Burrow hasn’t lost in the postseason since his freshman year of college, and he intends to keep it that way as the Bengals compete in the NFL’s winner-take-all event for the first time since 1988.
Burrow is known as ‘Jimmy’ by strength coach Mickey Marrotti, and ‘Jimmy Johns’ by assistant strength coach Phil Matusz. Jimmy Johns, Jimmy Johns, Jimmy Johns, Jimmy Johns, Jimmy Johns, Jimmy Johns.
A less-than-average Joe is one game away from joining a not-so-average joe club, as the Cincinnati Bengals’ cigar-smoking, Cartier-wearing, needle-threading ‘Who Dey?’ exemplifier knows that a win over the Los Angeles Rams on Sunday will put him in the company of New York Jets legend Joe Namath and San Francisco 49ers legend Joe Montana as the only three starting quarterbacks in NFL history to win both a National Championship and a Super.
“I would imagine nine, 10 months from now there’s going to be a lot of babies named Joe,” said Bengals head coach Zac Taylor. “That’s the impact he’s had on Cincinnati.”

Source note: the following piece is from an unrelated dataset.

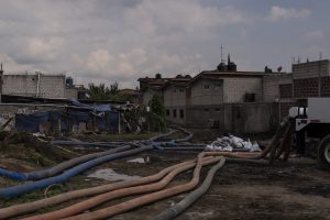 Las inundaciones, mezcladas con aguas residuales, han invadido calles, viviendas y negocios en Culturas, el vecindario de Salazar en Chalco, durante más de un mes.
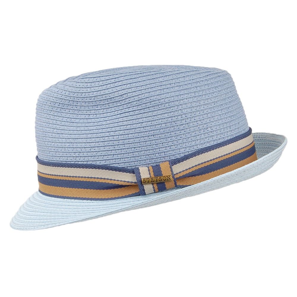 Voici le chapeau Trilby Adams bleu clair de chez STETSON. Ce chapeau, fait entièrement en viscose, comporte un bandeau intérieur en coton pour plus de confort et un bandeau extérieur multicolore. L'insigne STETSON trône sur le côté. Le bord est large d'environ 4,5cm. Chapeau estival, aussi féminin que masculin, parfait pour un apéritif en terrasse ou un pique-nique au parc.

Burrow has gone from being a misnamed college understudy to a galvanizingly brash 007 in the span of two years, while also recovering from knee surgery.
Despite not appreciating people addressing him by his own name, Ohio State’s then-starting quarterback JT Barrett, formally Joe Thomas, joked in 2016 that he would call Burrow, his backup, ‘John’ because he wanted to be the only ‘Joe’ as the first out of the two to arrive.
But he’s his own Joe, creating the groundwork for future young quarterbacks to be compared to Burrow-esque IQ, Burrow-esque toughness, Burrow-esque mechanics, and Burrow-esque Burrowness.
He’s now Joe, the indisputable Joe, who has elevated his own career and guided Cincinnati out of the quagmire of rebuilding with the elegance, precision, and football intelligence of Montana, as well as the franchise’s, league’s, and personal charisma and moxie of Namath.
“Just call me Joe,” said the no-so average Joe Burrow when quizzed on whether he had a favourite among the catalogue of nicknames thrown his way.